The pack of lawyers the industry once set on users is about to tear into one of its own, and the rest of us can only stand and watch in horrified fascination.
Written by Dana Blankenhorn, Inactive

Howard StringerSony-BMG is beginning to remind me of Jimmy Breslin's The Gang Who Couldn't Shoot Straight.

If there was something they could do wrong in trying to "protect" their CDs from copying, they did it. They used a virus without telling consumers. The virus was hard to find, tougher to remove, and it kept people from doing common things like copying music to an iPod. Microsoft called it a security risk. Even the Department of Homeland Security wagged its finger.
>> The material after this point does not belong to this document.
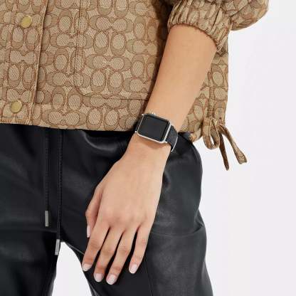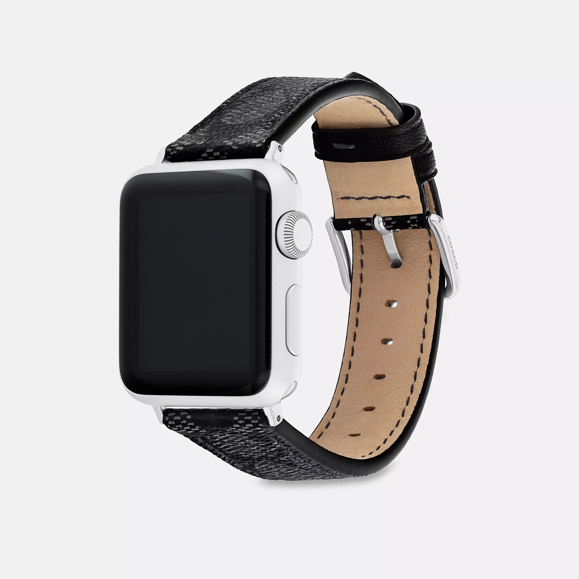 Signature coated canvas strap and stainless steel hardware For use with 38mm and 40mm Apple Watch® Buckle closure Apple Watch® is a trademark of Apple Inc. Style No. CJ147 | Coach Outlet Apple Watch® Strap, 38 Mm And 40 Mm - Grey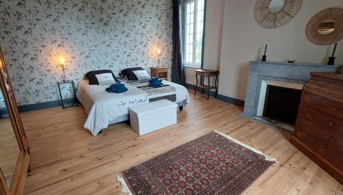 Die Unterkunft Gîte d'exception avec piscine chauffée pour 12 personnes - Cantal verfügt über 5 Schlafzimmer, 3 Badezimmer mit einem Haartrockner, ein Wohnzimmer und eine Küche mit einem Kühlschrank.

Now it seems the company that wrote the XCP rootkit, First4Internet, used some open source code in the mix, specifically code from LAME, an MP3 encoder. Matti Nikki, a Finnish programmer known to friends as Muzzy, writes that the code used to circumvent Apple's DRM system, to keep users from putting the music on their iPods, may also violate the DMCA. " The party just keeps on going," he writes.

Indeed.

My question for the group is, given what we know now, how can Sony get out ahead of this firestorm? Before I saw the open source angle here I called for the firing of CEO Howard Stringer (above), the first non-Japanese to ever run the company. But at this point I wonder if even that would help.

The pack of lawyers the industry once set on users is about to tear into one of its own, and the rest of us can only stand and watch in horrified fascination.